The Iconography of the Border

The present text deals with the iconography of the borders of sacred space, focusing on late medieval mural paintings in parish churches in Scania as a part of medieval Denmark. The images unite with the architectural space, the worshippers and their ritual actions in creating and defining sacred space. The key concept is spatial liminality, the crossing of borders in a ritual context. The borders discussed are the thresholds between porch and nave, and between nave and chancel. One of the motifs relating to the limen, the threshold of the entrance and exit door, is the image of Saint Christopher, frequently depicted in immediate view at the entrance, crossing the river and in the process of becoming a Christian, like a child during baptism, crossing the threshold for the first time.

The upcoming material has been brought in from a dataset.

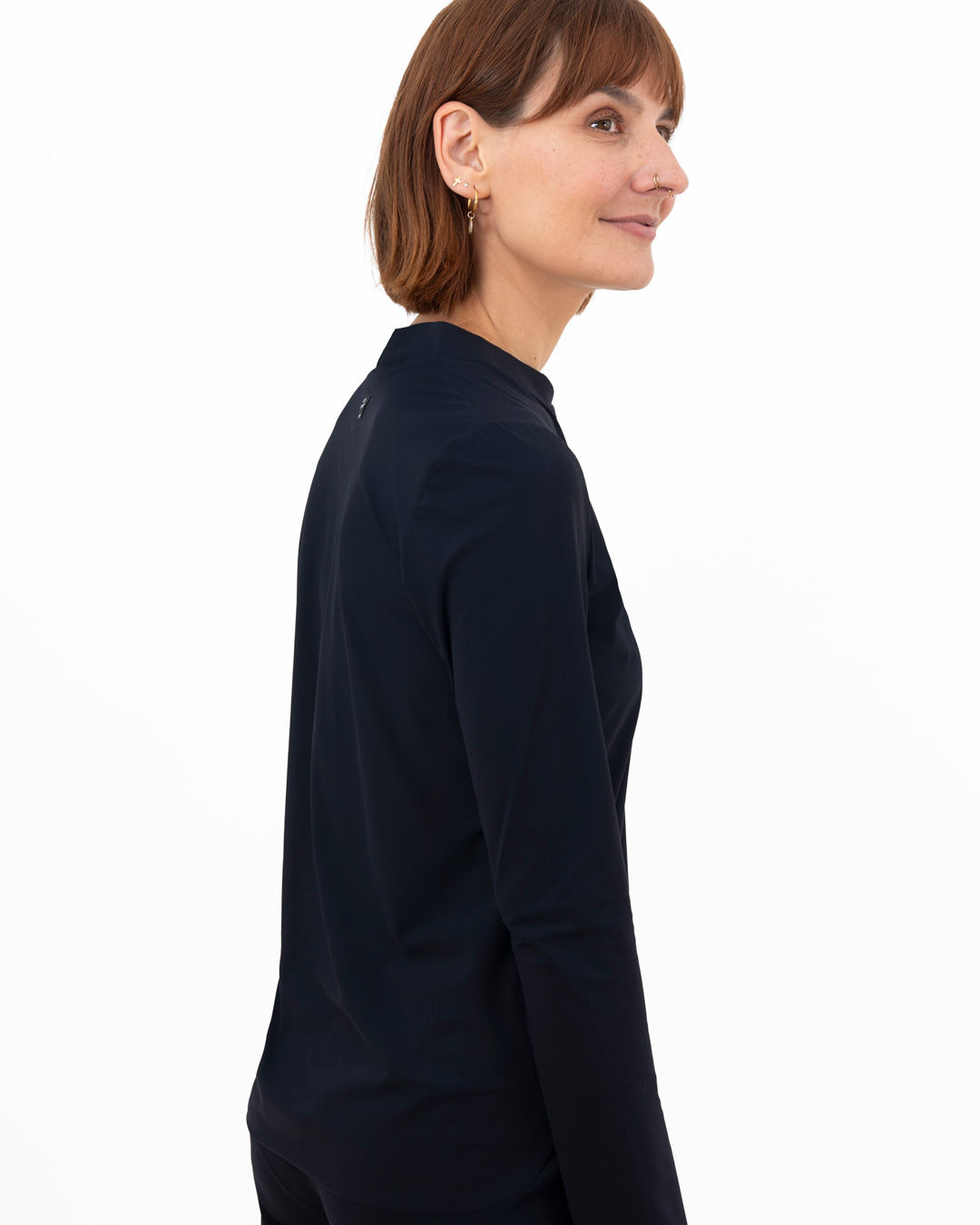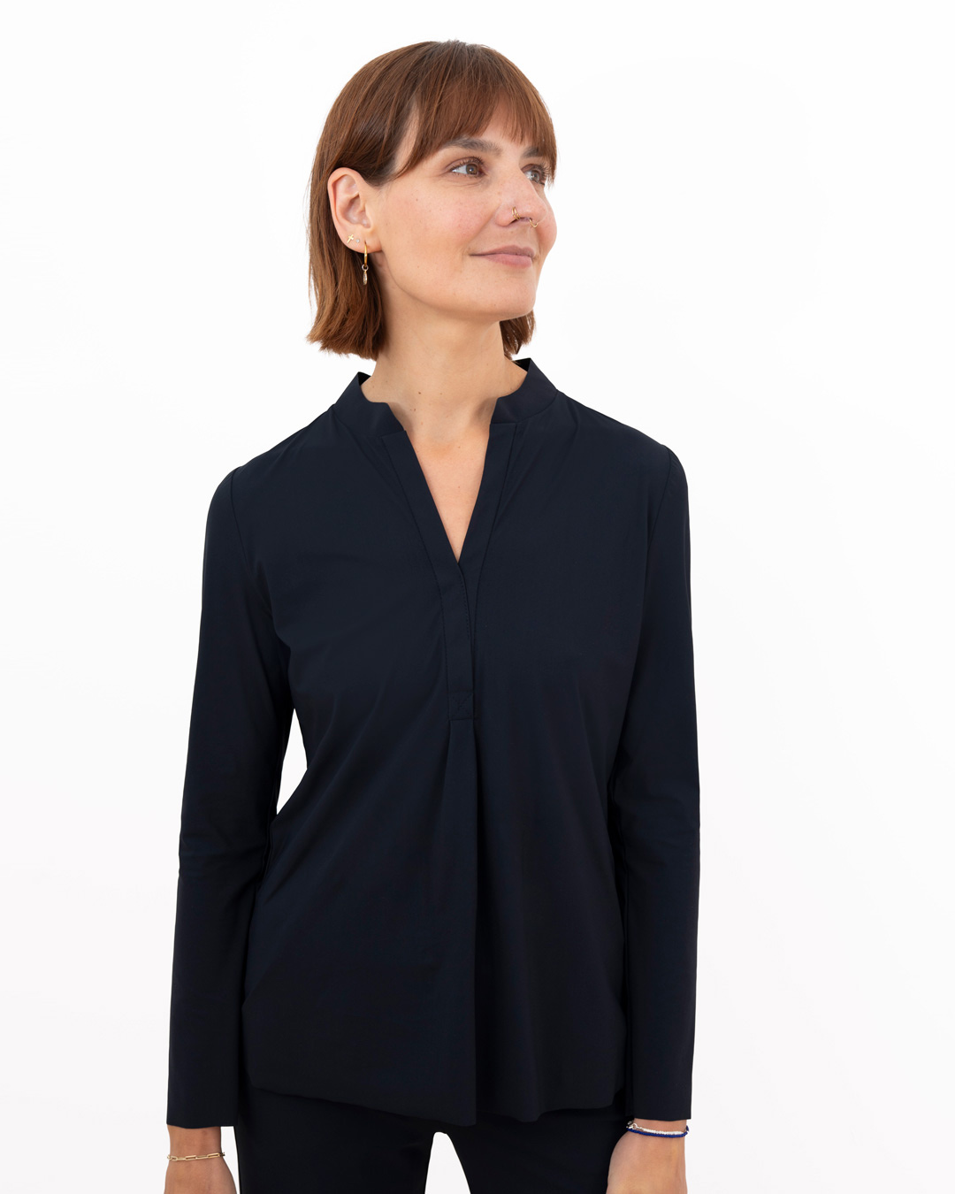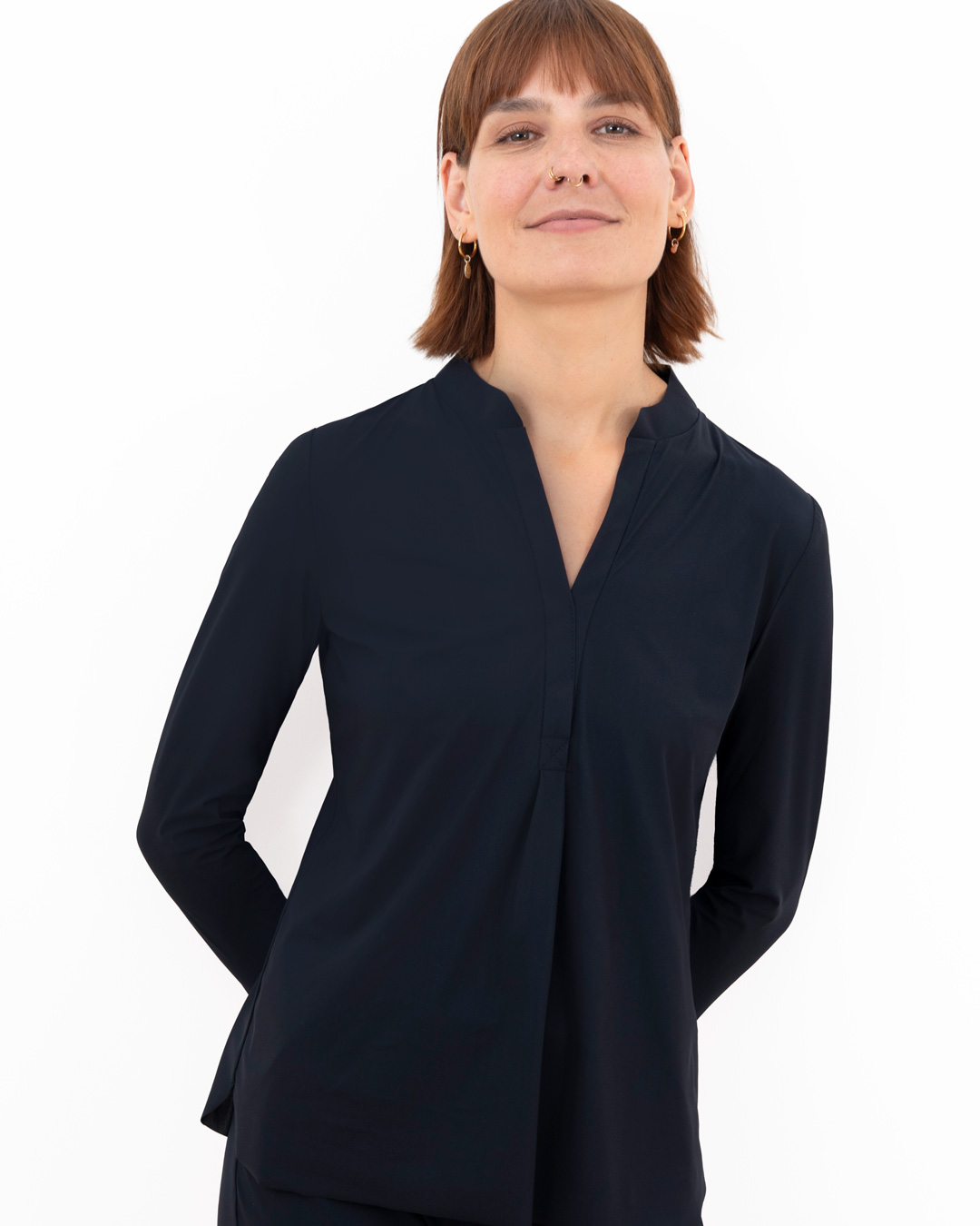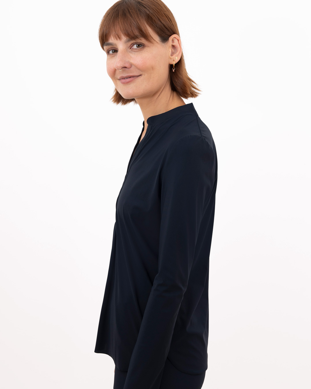 Shirt mit schmalem, halsfernen Stehkragen und überschnittener Schulter. Kellerfalte in vorderer und hinterer Mitte. Lässig weit geschnitten.

A motif comparatively frequently placed in a visible position at the exit from the sacred space, on the other hand, is Adam and Eve leaving the Garden of Eden. By placing these images close to the doorway, the acts of entering and leaving this particular architectural space is given a particular meaning; entering or leaving the sacred space, the medieval individual participates in the re-enactment and the staging of becoming a Christian and of the expulsion from the Garden of Eden into the living conditions of mortals. The chosen examples at the border between chancel and nave are, above all, images of donors, kneeling as intermediators, inviting their contemporaries into the heavenly realm where they kneel in worship before Christ and the saints.